来源：互联网发布：mac word怎么看字数编辑：程序博客网时间：2024/05/01 08:03

Controlfile Structure

The first block of the controlfile is a header block that records just the controlfile block size and the number of blocks in the controlfile. The controlfile block size is the same as the database block size. When mounting a database, Oracle checks that the controlfile block size and the file size recorded in the controlfile header block match the db_block_size parameter and the file size reported by the operating system (if available). Otherwise an error is raised to indicate that the controlfile might have been corrupted or truncated.

After the header block, all controlfile blocks occur in pairs. Each logical block is represented by two physical blocks. This is necessary for the controlfile transaction mechanism.

It is theoretically possible that a hot backup of a controlfile could contain a split block. Therefore all controlfile blocks other than the file header have a cache header and tail that can be compared when mounting a database and whenever a controlfile block is read. The block type is 0 for virgin controlfile blocks and 21 otherwise. The physical controlfile block number is used in place of an RDBA in the cache header, and a controlfile sequence number is used in place of an SCN to record when the block was last changed. An ORA-00227 error is returned if the header and tail do not match, or if the block checksum does not match the checksum recorded in the cache header (if any).

The controlfile contains several different types of records, each in its own record section of one or more logical blocks. Records may span block boundaries within their section. The fixed view V$CONTROLFILE_RECORD_SECTION lists the types of records stored in each record section, together with the size of the record type, and the number of record slots available and in use within that section. The underlying X$KCCRS structure includes the starting logical block number (RSLBN) for each section.

Controlfile Transactions

Sessions must hold an exclusive lock on the CF enqueue for the duration of controlfile transactions. This prevents concurrent controlfile transactions, and in-flux controlfile reads, because a shared lock on the CF enqueue is needed for controlfile reads. However, there is also a need for recoverability should a process, instance or system failure occur during a controlfile transaction.
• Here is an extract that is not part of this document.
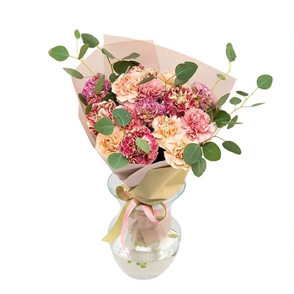 See kaunitest maaliliselt malbetes toonides lillekimp koosneb erivärvilistest nelkidest ja kimburohelisest, dekoratiivpaber ja pael loovad maalilisele kimbule viimistletud raami.

For the first record section of the controlfile, the database information entry section, this requirement is trivial, because the database information entry only takes about 210 bytes and is therefore guaranteed to always fit into a single controlfile block that can be written atomically. Therefore changes to the database entry can be implicitly committed as they are written, without any recoverability concerns.

Recoverability for changes to the other controlfile records sections is provided by maintaining all the information in duplicate. Each logical block is represented by two physical blocks. One contains the current information, and the other contains either an old copy of the information, or a pending version that is yet to be committed. To keep track of which physical copy of each logical block contains the current information, Oracle maintains a block version bitmap with the database information entry in the first record section of the controlfile.

To read information from the controlfile, a session must first read the block version bitmap to determine which physical block to read. Then if a change must be made to the logical block, the change is first written to the alternate physical block for that logical block, and then committed by atomically rewriting the block containing the block version bitmap with the bit representing that logical block flipped. When changes need to be made to multiple records in the same controlfile block, such as when updating the checkpoint SCN in all online datafiles, those changes are buffered and then written together. Note that each controlfile transaction requires at least 4 serial I/O operations against the controlfile, and possibly more if multiple blocks are affected, or if the controlfile is multiplexed and asynchronous I/O is not available. So controlfile transactions are potentially expensive in terms of I/O latency.

Whenever a controlfile transaction is committed, the controlfile sequence number is incremented. This number is recorded with the block version bitmap and database information entry in the first record section of the controlfile. It is used in the cache header of each controlfile block in place of an SCN to detect possible split blocks from hot backups. It is also used in queries that perform multiple controlfile reads to ensure that a consistent snapshot of the controlfile has been seen. If not, an ORA-00235 error is returned.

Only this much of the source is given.